### EXTRACTED MATERIAL
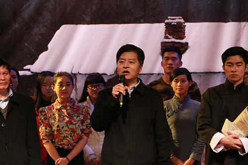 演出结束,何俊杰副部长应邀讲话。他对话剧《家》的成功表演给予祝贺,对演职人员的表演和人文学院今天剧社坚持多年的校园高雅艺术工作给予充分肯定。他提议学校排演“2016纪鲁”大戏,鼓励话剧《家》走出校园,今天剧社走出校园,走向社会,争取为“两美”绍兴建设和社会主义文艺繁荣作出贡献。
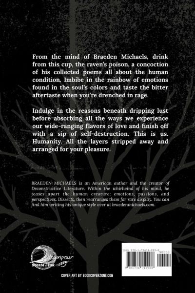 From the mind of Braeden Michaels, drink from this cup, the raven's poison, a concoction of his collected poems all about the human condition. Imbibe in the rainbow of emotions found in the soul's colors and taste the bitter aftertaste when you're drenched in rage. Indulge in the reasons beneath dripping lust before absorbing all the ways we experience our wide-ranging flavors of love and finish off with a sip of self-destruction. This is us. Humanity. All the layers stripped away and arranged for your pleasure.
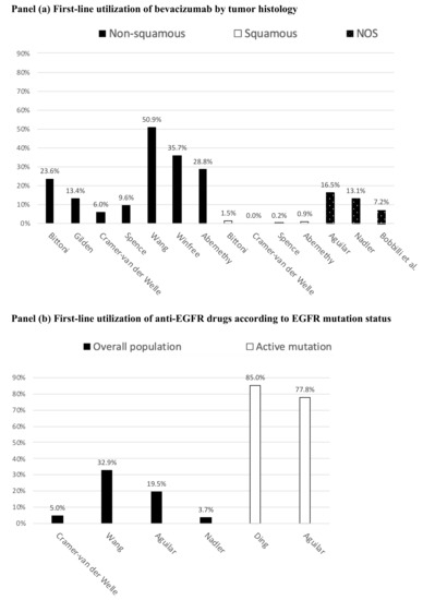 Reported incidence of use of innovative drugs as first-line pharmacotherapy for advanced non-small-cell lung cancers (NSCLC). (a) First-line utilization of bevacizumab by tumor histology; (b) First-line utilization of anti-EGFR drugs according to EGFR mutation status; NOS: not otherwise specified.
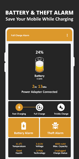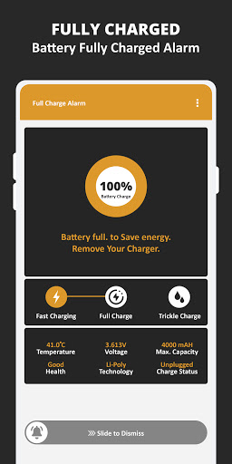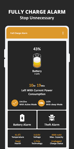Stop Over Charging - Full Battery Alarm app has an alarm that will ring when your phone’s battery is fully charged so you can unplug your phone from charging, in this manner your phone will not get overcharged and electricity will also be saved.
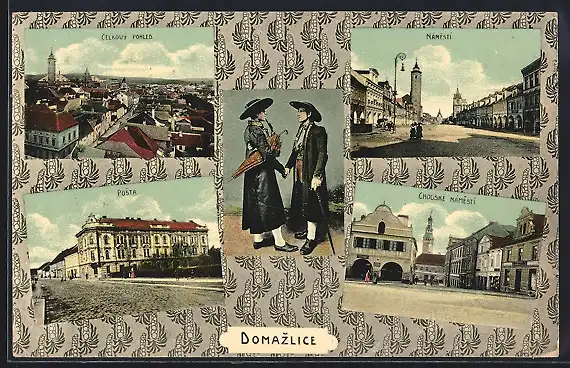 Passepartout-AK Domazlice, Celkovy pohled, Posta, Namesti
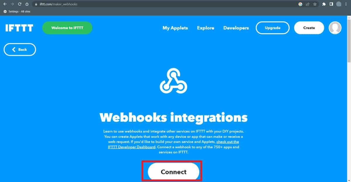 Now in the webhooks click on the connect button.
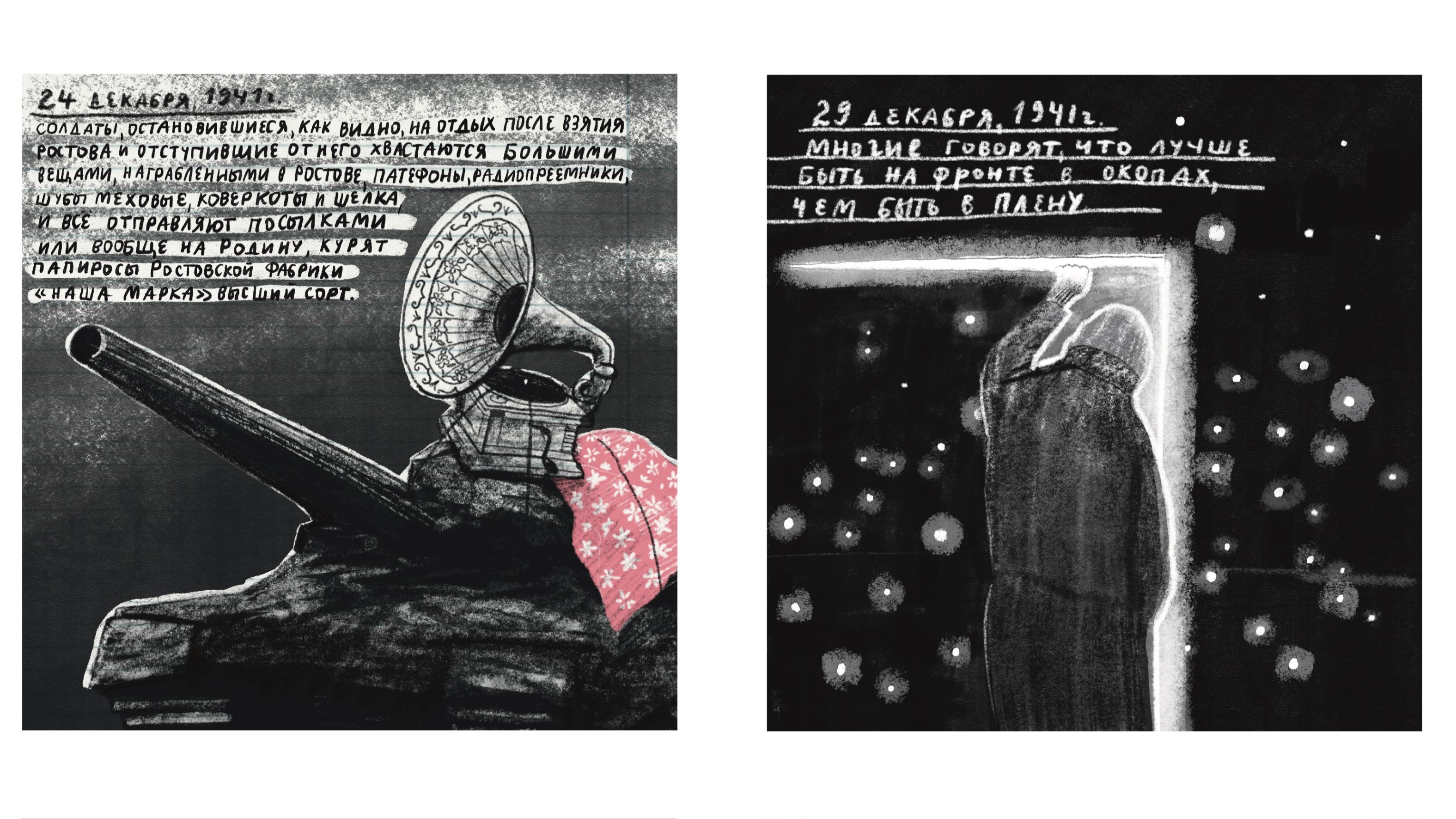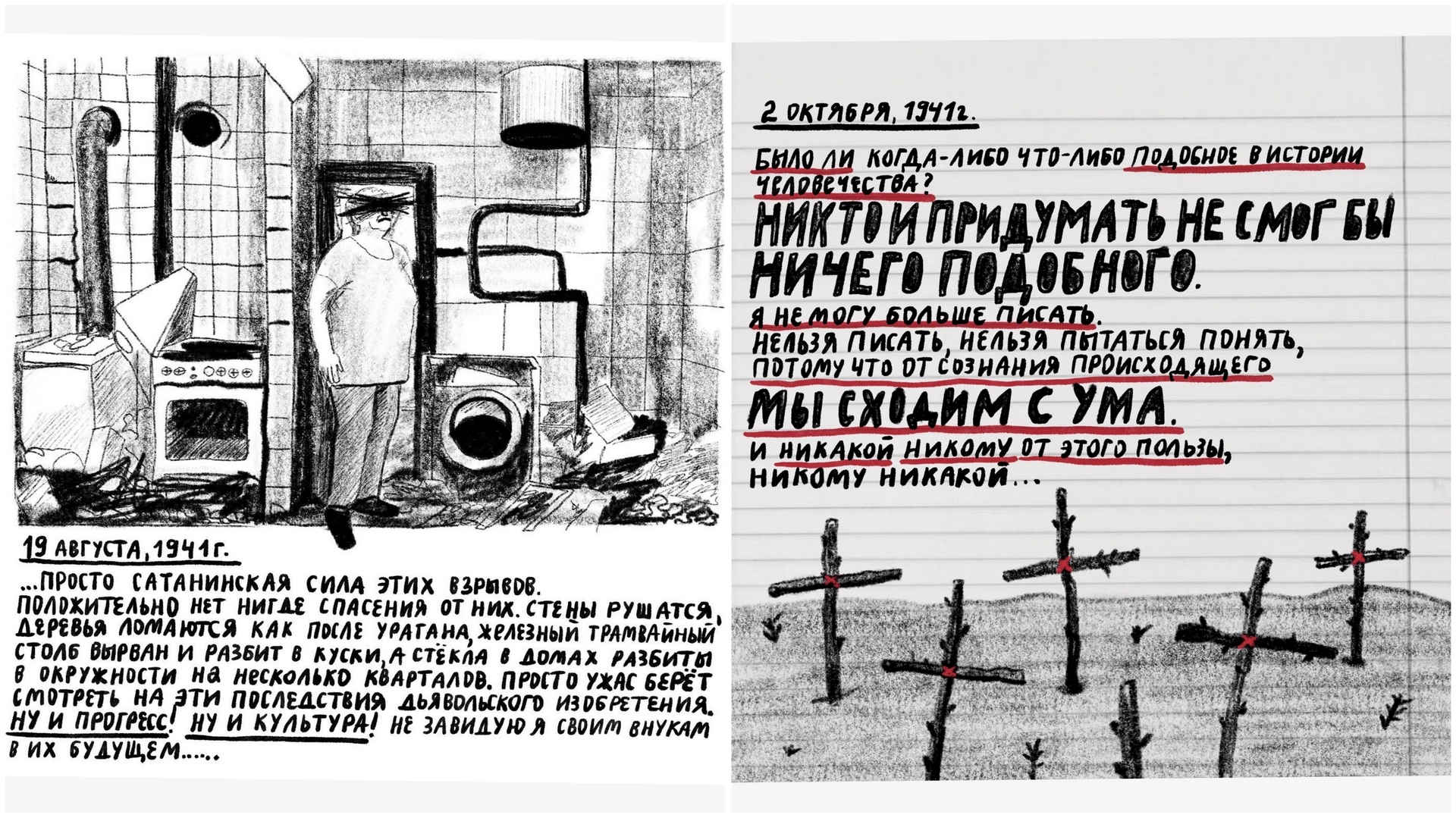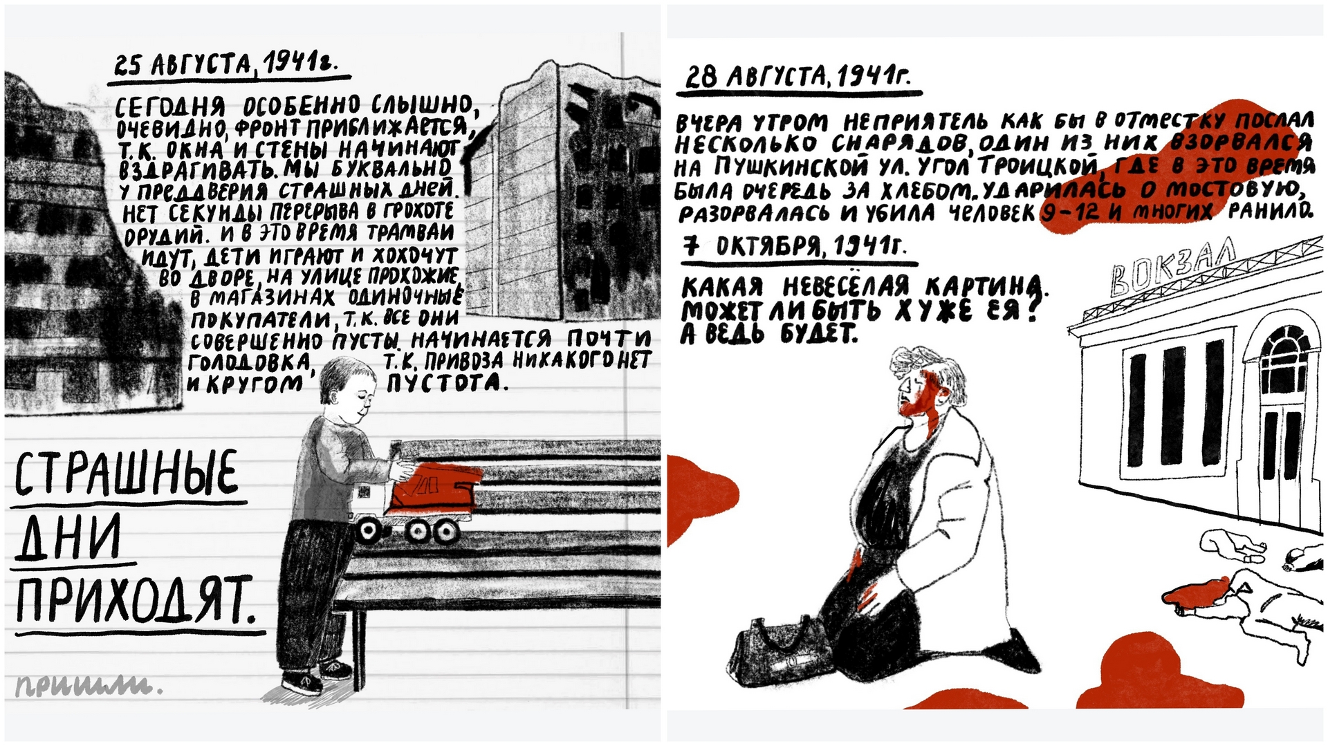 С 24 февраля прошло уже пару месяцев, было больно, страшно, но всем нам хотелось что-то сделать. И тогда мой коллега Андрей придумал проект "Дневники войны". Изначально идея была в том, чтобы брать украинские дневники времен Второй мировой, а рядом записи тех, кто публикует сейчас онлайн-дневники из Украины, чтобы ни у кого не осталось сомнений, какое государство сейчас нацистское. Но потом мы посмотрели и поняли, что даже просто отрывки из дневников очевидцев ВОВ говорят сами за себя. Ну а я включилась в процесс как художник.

### REQUIREMENT
The reply should consist only of the lines running from the one with "From the mind" through the end of the material, both included, copied exactly; please omit pictures.

### SOLUTION
 From the mind of Braeden Michaels, drink from this cup, the raven's poison, a concoction of his collected poems all about the human condition. Imbibe in the rainbow of emotions found in the soul's colors and taste the bitter aftertaste when you're drenched in rage. Indulge in the reasons beneath dripping lust before absorbing all the ways we experience our wide-ranging flavors of love and finish off with a sip of self-destruction. This is us. Humanity. All the layers stripped away and arranged for your pleasure.
 Reported incidence of use of innovative drugs as first-line pharmacotherapy for advanced non-small-cell lung cancers (NSCLC). (a) First-line utilization of bevacizumab by tumor histology; (b) First-line utilization of anti-EGFR drugs according to EGFR mutation status; NOS: not otherwise specified.
Stop Over Charging - Full Battery Alarm app has an alarm that will ring when your phone’s battery is fully charged so you can unplug your phone from charging, in this manner your phone will not get overcharged and electricity will also be saved.
 Passepartout-AK Domazlice, Celkovy pohled, Posta, Namesti
 Now in the webhooks click on the connect button.
 С 24 февраля прошло уже пару месяцев, было больно, страшно, но всем нам хотелось что-то сделать. И тогда мой коллега Андрей придумал проект "Дневники войны". Изначально идея была в том, чтобы брать украинские дневники времен Второй мировой, а рядом записи тех, кто публикует сейчас онлайн-дневники из Украины, чтобы ни у кого не осталось сомнений, какое государство сейчас нацистское. Но потом мы посмотрели и поняли, что даже просто отрывки из дневников очевидцев ВОВ говорят сами за себя. Ну а я включилась в процесс как художник.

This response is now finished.